EXERCISE OBJECTIVE. The entries that follow contain images, which should be left out; output everything else exactly.

RECORDS PROVIDED.
+++++
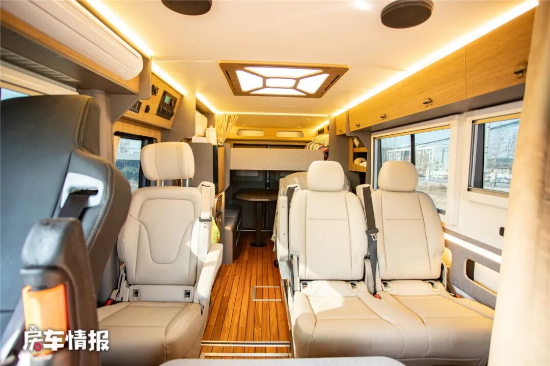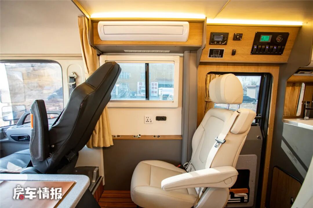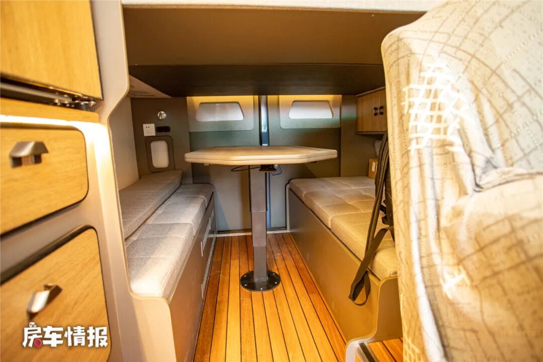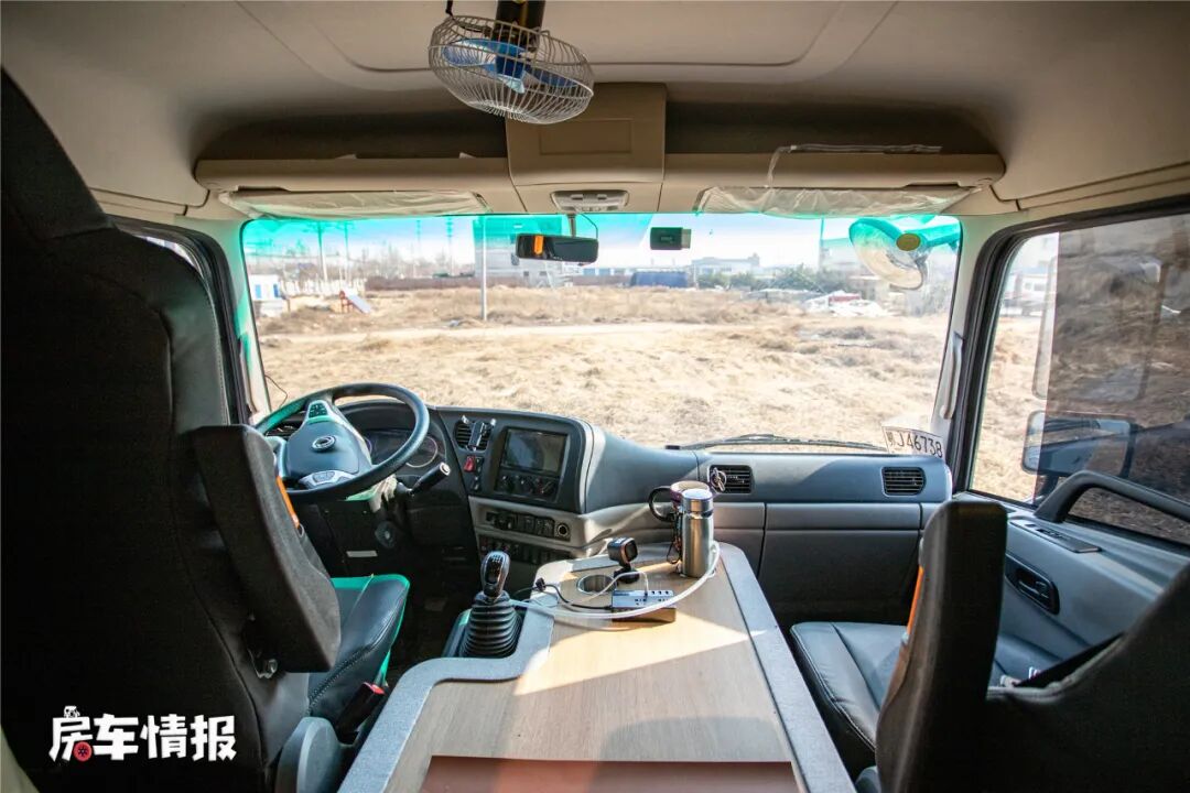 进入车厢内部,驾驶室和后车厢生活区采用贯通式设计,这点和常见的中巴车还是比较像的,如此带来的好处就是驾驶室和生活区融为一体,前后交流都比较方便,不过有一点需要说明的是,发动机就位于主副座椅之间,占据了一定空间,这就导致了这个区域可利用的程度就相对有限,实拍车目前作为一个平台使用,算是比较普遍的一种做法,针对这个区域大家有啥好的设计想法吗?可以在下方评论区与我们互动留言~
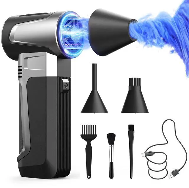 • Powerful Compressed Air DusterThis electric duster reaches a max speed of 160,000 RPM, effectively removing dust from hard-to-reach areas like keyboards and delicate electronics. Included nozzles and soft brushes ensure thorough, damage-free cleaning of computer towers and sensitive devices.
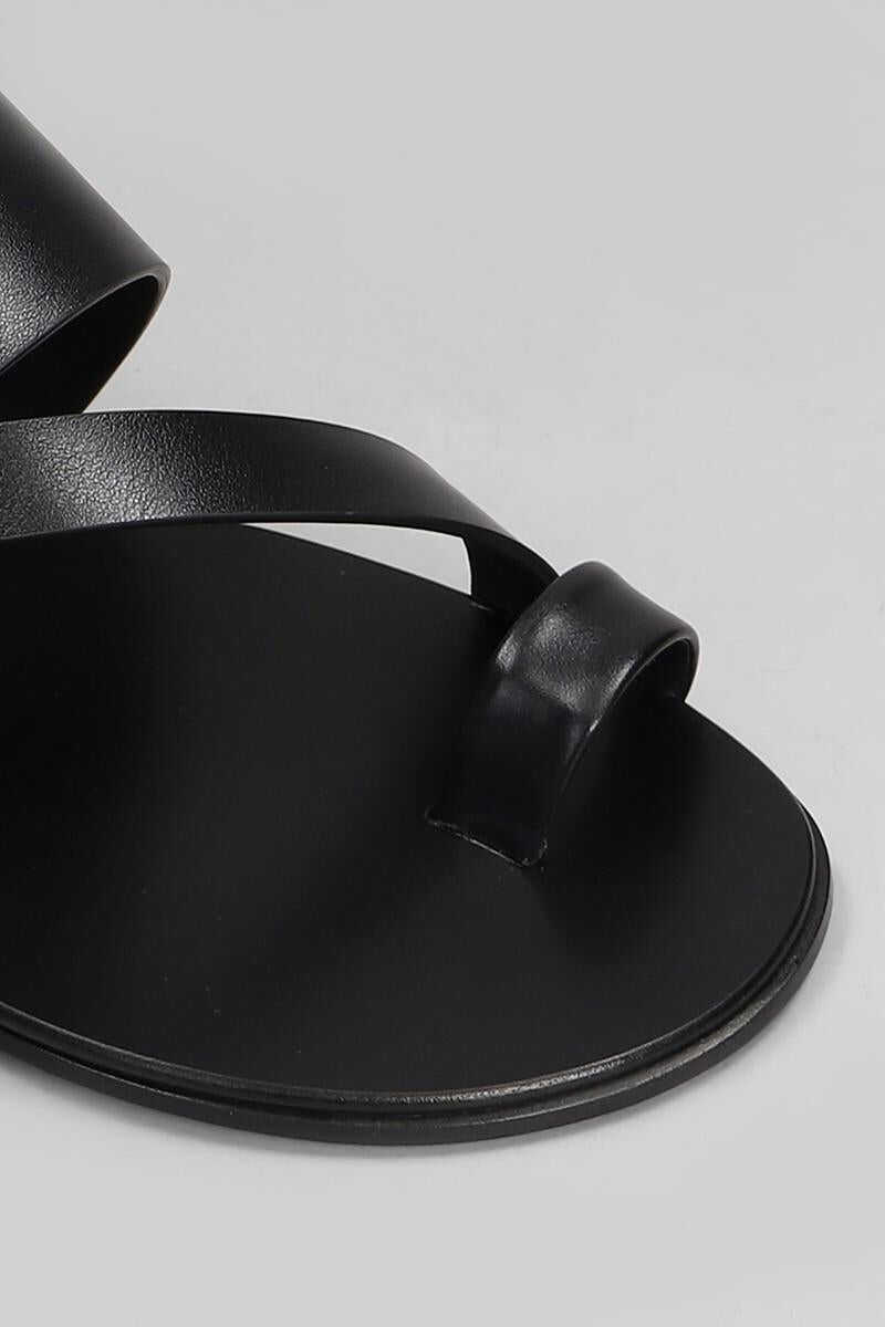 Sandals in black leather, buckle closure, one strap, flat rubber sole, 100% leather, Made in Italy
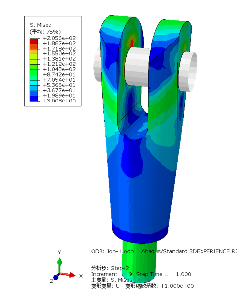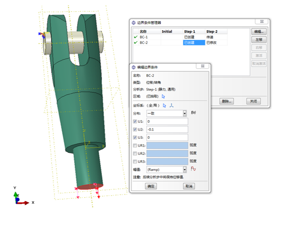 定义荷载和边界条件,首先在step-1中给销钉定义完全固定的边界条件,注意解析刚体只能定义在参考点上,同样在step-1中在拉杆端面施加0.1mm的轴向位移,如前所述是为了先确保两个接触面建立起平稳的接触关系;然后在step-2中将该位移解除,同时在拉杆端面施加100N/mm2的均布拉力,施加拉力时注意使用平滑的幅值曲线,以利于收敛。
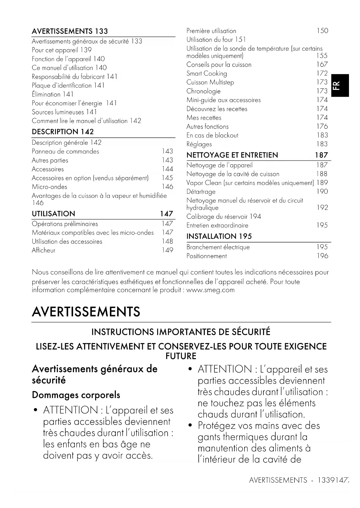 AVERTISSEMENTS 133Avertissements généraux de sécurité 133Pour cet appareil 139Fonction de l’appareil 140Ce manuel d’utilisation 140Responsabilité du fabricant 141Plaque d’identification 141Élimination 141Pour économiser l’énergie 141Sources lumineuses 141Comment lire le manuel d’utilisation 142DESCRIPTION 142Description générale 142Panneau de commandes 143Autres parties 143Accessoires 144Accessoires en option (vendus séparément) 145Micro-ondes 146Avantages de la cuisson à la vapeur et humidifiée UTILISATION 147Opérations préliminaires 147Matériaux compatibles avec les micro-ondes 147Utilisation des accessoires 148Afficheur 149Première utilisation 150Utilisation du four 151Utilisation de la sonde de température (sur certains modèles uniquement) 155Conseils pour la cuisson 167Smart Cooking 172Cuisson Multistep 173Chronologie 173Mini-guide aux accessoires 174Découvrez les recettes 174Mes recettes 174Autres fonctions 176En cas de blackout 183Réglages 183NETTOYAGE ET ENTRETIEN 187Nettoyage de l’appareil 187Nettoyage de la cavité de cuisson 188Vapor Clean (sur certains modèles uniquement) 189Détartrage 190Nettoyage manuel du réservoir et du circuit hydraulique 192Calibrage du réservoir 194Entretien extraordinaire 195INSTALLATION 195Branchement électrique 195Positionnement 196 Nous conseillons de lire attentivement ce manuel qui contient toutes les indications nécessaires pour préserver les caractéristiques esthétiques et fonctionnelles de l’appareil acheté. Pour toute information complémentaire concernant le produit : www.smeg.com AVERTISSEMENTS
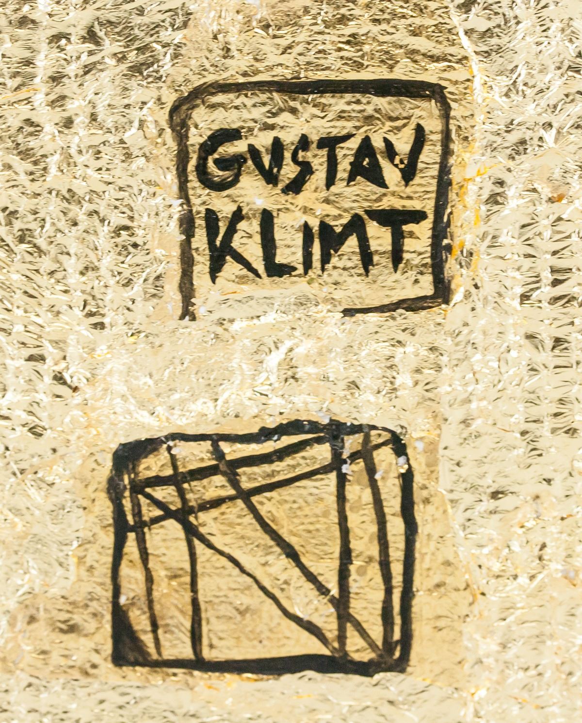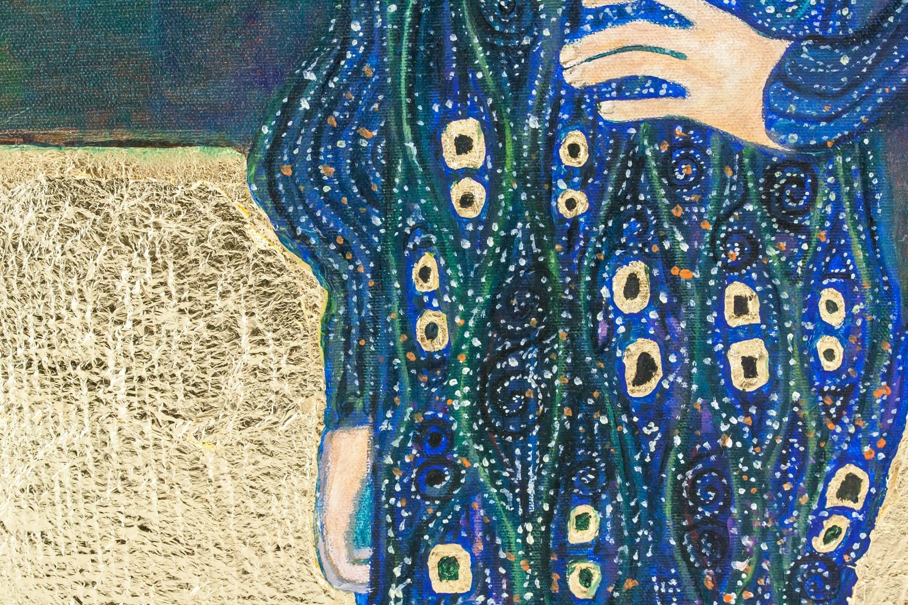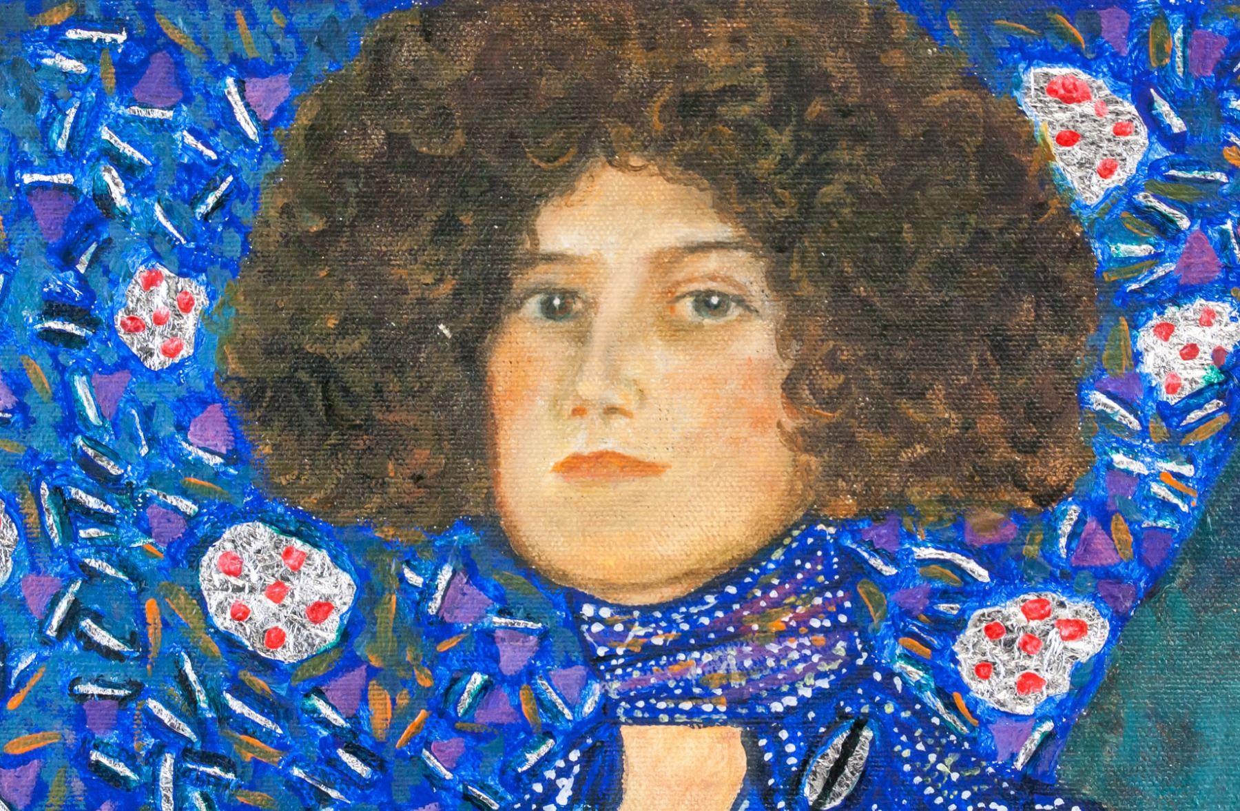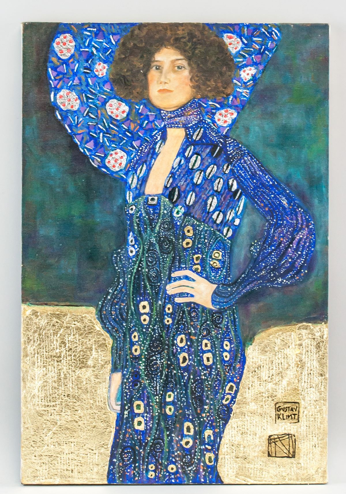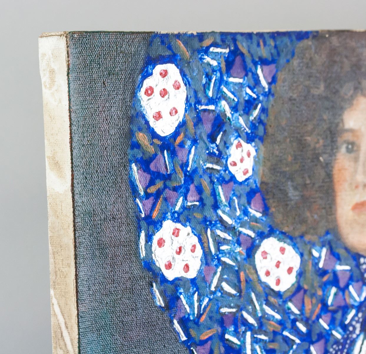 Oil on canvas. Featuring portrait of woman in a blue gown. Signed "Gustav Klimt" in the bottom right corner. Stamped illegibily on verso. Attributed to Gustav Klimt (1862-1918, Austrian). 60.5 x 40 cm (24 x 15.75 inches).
+++++
OUTPUT FOR THIS EXERCISE.
 进入车厢内部,驾驶室和后车厢生活区采用贯通式设计,这点和常见的中巴车还是比较像的,如此带来的好处就是驾驶室和生活区融为一体,前后交流都比较方便,不过有一点需要说明的是,发动机就位于主副座椅之间,占据了一定空间,这就导致了这个区域可利用的程度就相对有限,实拍车目前作为一个平台使用,算是比较普遍的一种做法,针对这个区域大家有啥好的设计想法吗?可以在下方评论区与我们互动留言~
 • Powerful Compressed Air DusterThis electric duster reaches a max speed of 160,000 RPM, effectively removing dust from hard-to-reach areas like keyboards and delicate electronics. Included nozzles and soft brushes ensure thorough, damage-free cleaning of computer towers and sensitive devices.
 Sandals in black leather, buckle closure, one strap, flat rubber sole, 100% leather, Made in Italy
 定义荷载和边界条件,首先在step-1中给销钉定义完全固定的边界条件,注意解析刚体只能定义在参考点上,同样在step-1中在拉杆端面施加0.1mm的轴向位移,如前所述是为了先确保两个接触面建立起平稳的接触关系;然后在step-2中将该位移解除,同时在拉杆端面施加100N/mm2的均布拉力,施加拉力时注意使用平滑的幅值曲线,以利于收敛。
 AVERTISSEMENTS 133Avertissements généraux de sécurité 133Pour cet appareil 139Fonction de l’appareil 140Ce manuel d’utilisation 140Responsabilité du fabricant 141Plaque d’identification 141Élimination 141Pour économiser l’énergie 141Sources lumineuses 141Comment lire le manuel d’utilisation 142DESCRIPTION 142Description générale 142Panneau de commandes 143Autres parties 143Accessoires 144Accessoires en option (vendus séparément) 145Micro-ondes 146Avantages de la cuisson à la vapeur et humidifiée UTILISATION 147Opérations préliminaires 147Matériaux compatibles avec les micro-ondes 147Utilisation des accessoires 148Afficheur 149Première utilisation 150Utilisation du four 151Utilisation de la sonde de température (sur certains modèles uniquement) 155Conseils pour la cuisson 167Smart Cooking 172Cuisson Multistep 173Chronologie 173Mini-guide aux accessoires 174Découvrez les recettes 174Mes recettes 174Autres fonctions 176En cas de blackout 183Réglages 183NETTOYAGE ET ENTRETIEN 187Nettoyage de l’appareil 187Nettoyage de la cavité de cuisson 188Vapor Clean (sur certains modèles uniquement) 189Détartrage 190Nettoyage manuel du réservoir et du circuit hydraulique 192Calibrage du réservoir 194Entretien extraordinaire 195INSTALLATION 195Branchement électrique 195Positionnement 196 Nous conseillons de lire attentivement ce manuel qui contient toutes les indications nécessaires pour préserver les caractéristiques esthétiques et fonctionnelles de l’appareil acheté. Pour toute information complémentaire concernant le produit : www.smeg.com AVERTISSEMENTS
 Oil on canvas. Featuring portrait of woman in a blue gown. Signed "Gustav Klimt" in the bottom right corner. Stamped illegibily on verso. Attributed to Gustav Klimt (1862-1918, Austrian). 60.5 x 40 cm (24 x 15.75 inches).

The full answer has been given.